To be human was to be a sentient being who remembers.*
“The third-century classic Jinshu summarized the paradox of memory: ‘Qing you yi sheng, bu yi ze wu qing.’ No words in English can capture the condensed reservations expressed in nine simple characters. The first four summarize ancient psychology: emotion is born out of remembrance. The next five advise the wise to stem this process of arousal altogether: where there is no remembrance, emotion will dissolve as well. The point, simply put, is that distress causes memory. To be sure, it is human to have feelings, but this can be curbed by a willful quieting of the emotional upheaval caused by remembrance.
“Simcha, the Hebrew word for ‘joy,’ has as its root macha, meaning ‘to remove’ or ‘wipe away.’ To be joyful, in this sense, is to be free of the tearful weight of the past.
“In the end, however, neither Chinese or Jewish rememberers settled for the peace of a memoryless world.
“The opposite of quietude can be found in the story of Lot’s wife… Here, a woman who refuses to walk away from history is turned into salt–a concrete symbol of endless weeping. Lot’s wife captures the need to remain connected to the past and dares to stand still when the known world is about to crumble. Although some might argue that Lot’s wife looked back with nostalgic regret for past pleasures, Anna Akhmatova, in the poem, ‘Lot’s Wife,’ suggest she did so out of her refusal to become deaf to the grief embedded in the past.”*
Before its so-called birth, this goats beard already existed in other forms – clouds, sunshine, seeds, soil, and many other elements. Rather than birth and rebirth it is more accurate to say, “manifestation and re-manifestation”. It’s so-called birthday is really a day of its re-manifestation. It has already been here in various forms, and now it has made an effort to re-manifest.
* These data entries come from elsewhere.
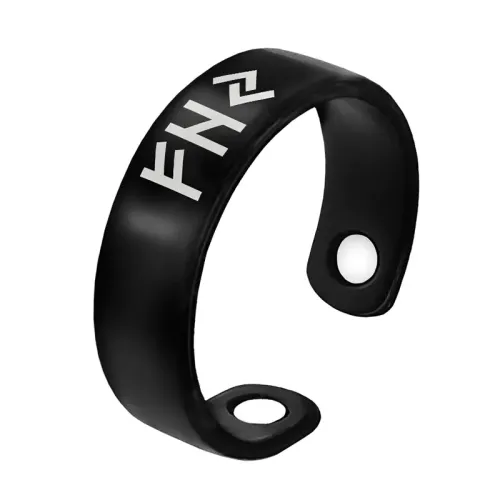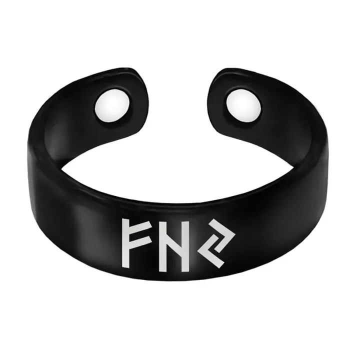 Магнитное кольцо из бижутерного сплава с лазерной гравировкой рун Феху, Хагалаз и Йера. Безразмерная конструкция.
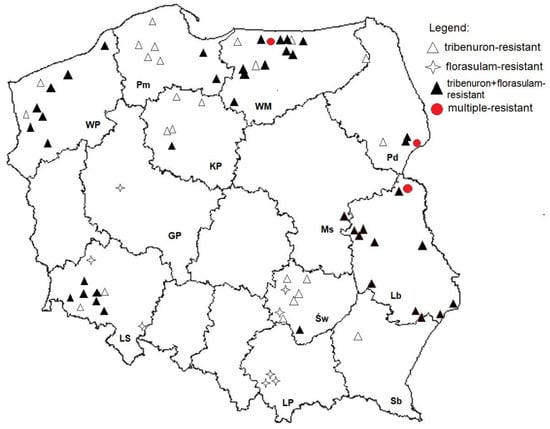 The distribution of locations where herbicide-resistant populations of C. cyanus were found is presented in Figure 2.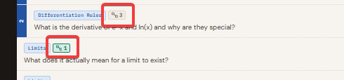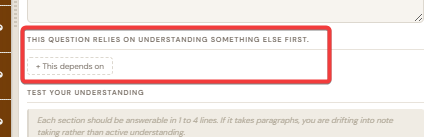 Click it to open a search field. Type part of any other question's text and select it from the list that appears. Once linked, both questions show a small chain badge: position 1 means it should be learned first, 2 means it depends on something, and higher numbers extend the chain. Use this to make learning order explicit when your questions have a genuine prerequisite structure.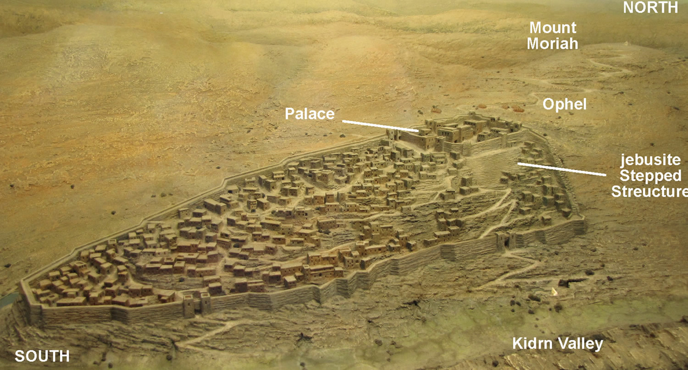Details labeled on a model of the ancient city of Salem (Jerusalem) or the city David took from the Jebusites to establish as the center of his kingdom.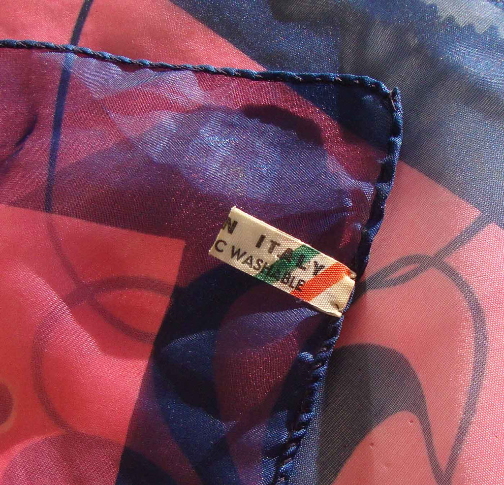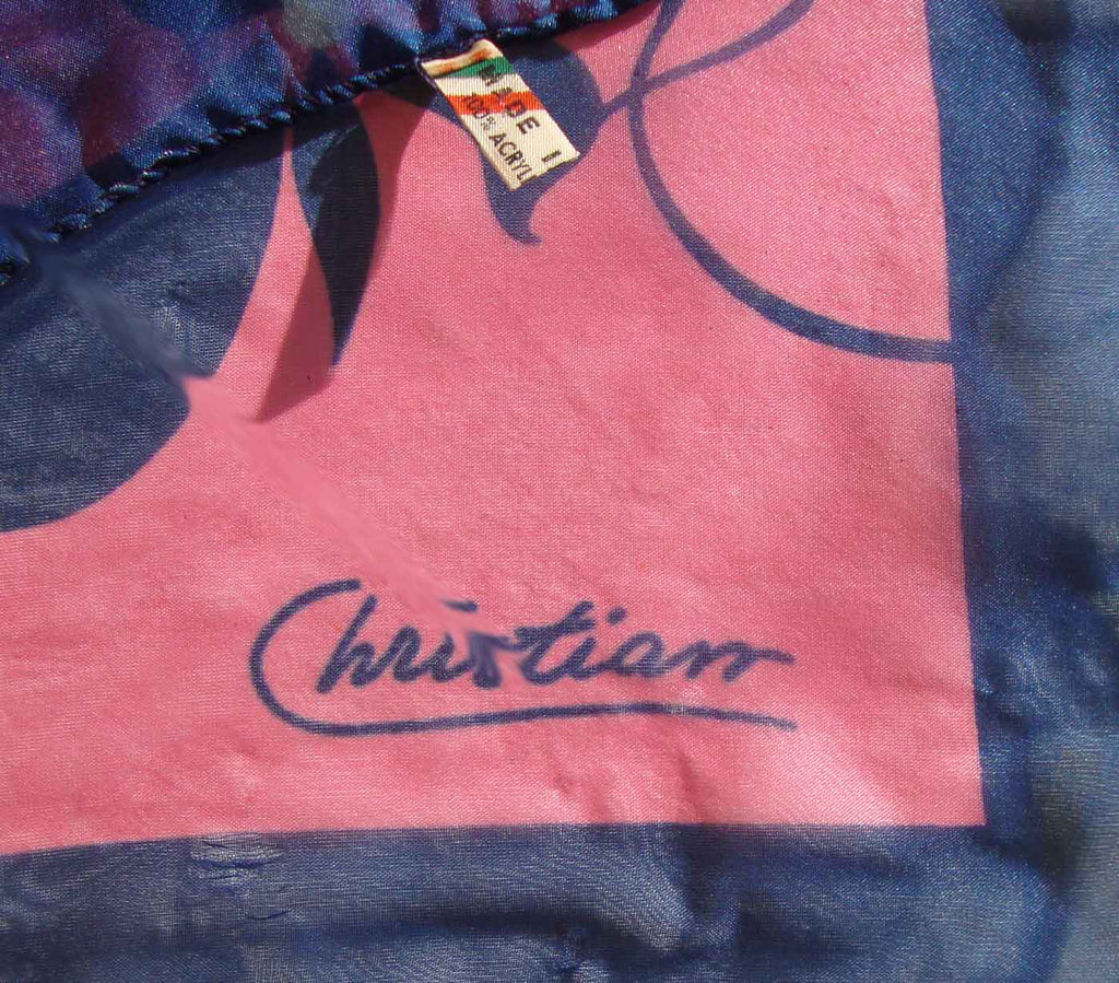 It also has hand rolled and stitched hems, measures approximately 30 inches in size, is signed “Christian” in one corner, and has a label for “Made in Italy”, “100% Acetate Washable”.

When conditions are no longer sufficient and a plant ceases to manifest, we say it has died, but that is not correct either. Its constituents have merely transformed themselves into other elements.
A raindrop resting upon the fragile lace of goats beard, a pesky weed, an amazing umbrella for Thumbelina. It has been told that an old widowed woman planted a seed given to her from a good witch and within the flower that grew from that seed was a little girl no bigger than the old woman’s thumb. Fairy tales can be somewhat dark, but not the story of Thumbelina.
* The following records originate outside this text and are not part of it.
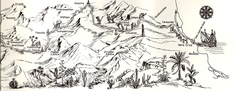 Source: WTL course files Map: Cortés and his forces land at San Juan de Ulúa on the Gulf of Mexico at the right. They found the government of the future city of Veracruz (Villa Rica de la Vera Cruz / Rich City of the True Cross). Then they march west through the mountains to Lake Texcoco on the far left side of the map. The Aztec capital is on an island in Lake Texcoco. |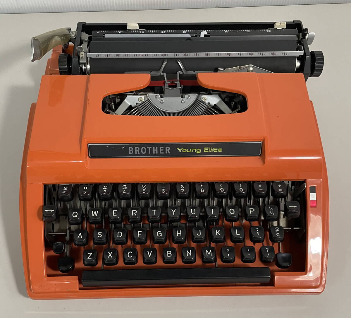- 昭和レトロ BROTHER Young Elite 手動タイプライター オレンジ/英字QWERTY・\記号あり ポータブル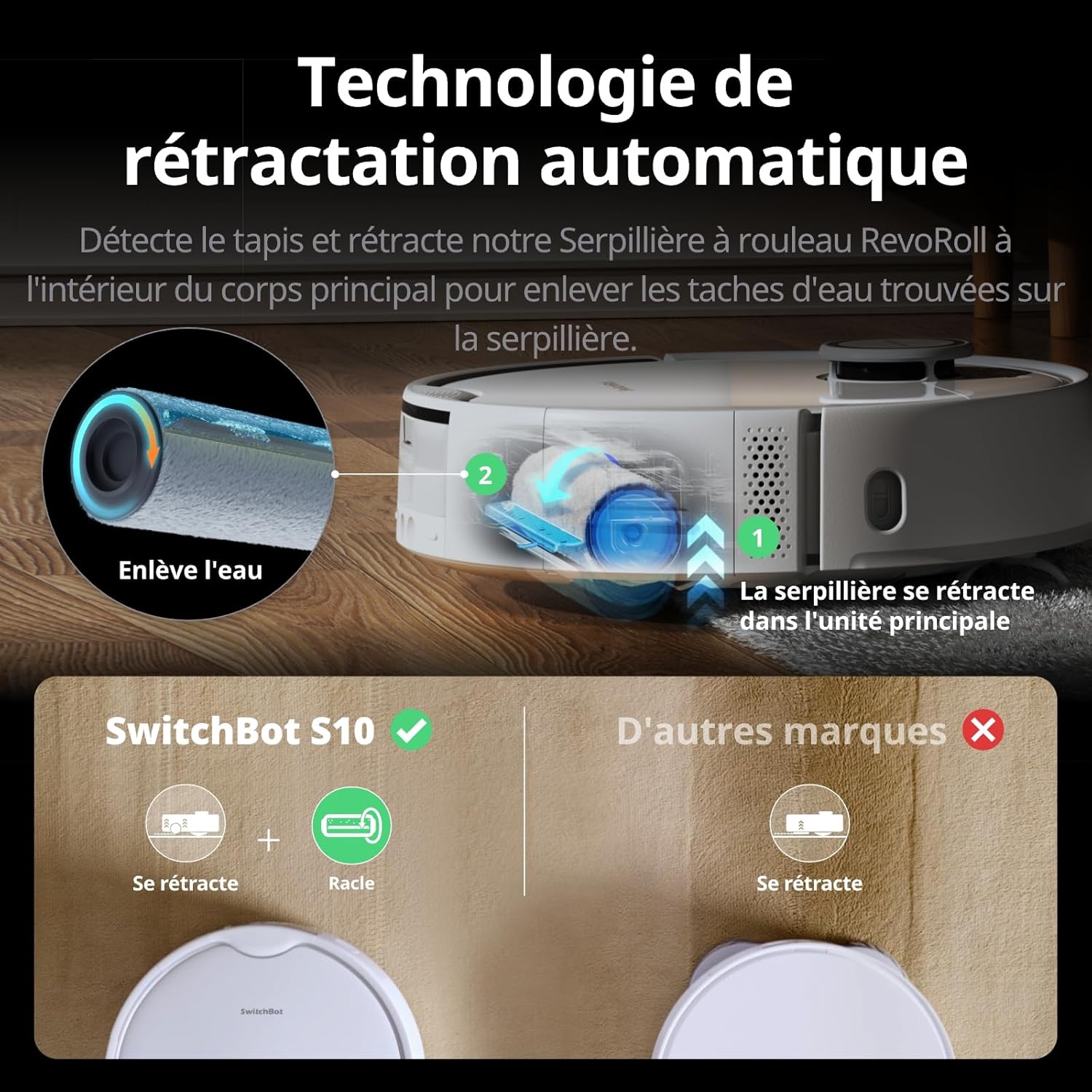 Fiche Technique SwitchBot S10 Aspirateur Robot Deux Stations, Remplissage et Vidange Automatique, RevoRoll Roller Mop, Levage et Auto-Lavage des Serpillières, Aspiration 6500 Pa, 10 Semaines Nettoyage Mains Libres au Maroc

“My mother was remarkably slight, under five feet I should say, and I do not think that she was unusual for her time. I can put the matter strongly: women in those days had almost no flesh. I remember my mother’s face and hands, I can clearly remember her feet, but I can remember nothing about her body. She reminds me of the statue of Kannon in the Chuguji, whose body must be typical of most Japanese women of the past. The chest as flat as a board, breasts paper-thin, back, hips, and buttocks forming an undeviating straight line, the whole body so lean and gaunt as to seem out of proportion with the face, hands, and feet, so lacking in substance as to give the impression not of flesh but of a stick–must not the traditional Japanese woman have had just a physique? A few are still about–the aged lady in an old-fashioned household, some few geisha. They remind me of stick dolls, for in fact they are nothing more than poles upon which to hang clothes. As with the dolls their substance is made up of layer of clothing, bereft of which only an ungainly pole remains. But in the past this was sufficient. For a woman who lived in the dark it was enough if she had a faint, while face–a full body was unnecessary. …we…create a kind of beauty of the shadows we made in out-of-the-way places…we find beauty not in the thing itself but in the patterns of shadows, the light and the darkness, that one thing against another creates.”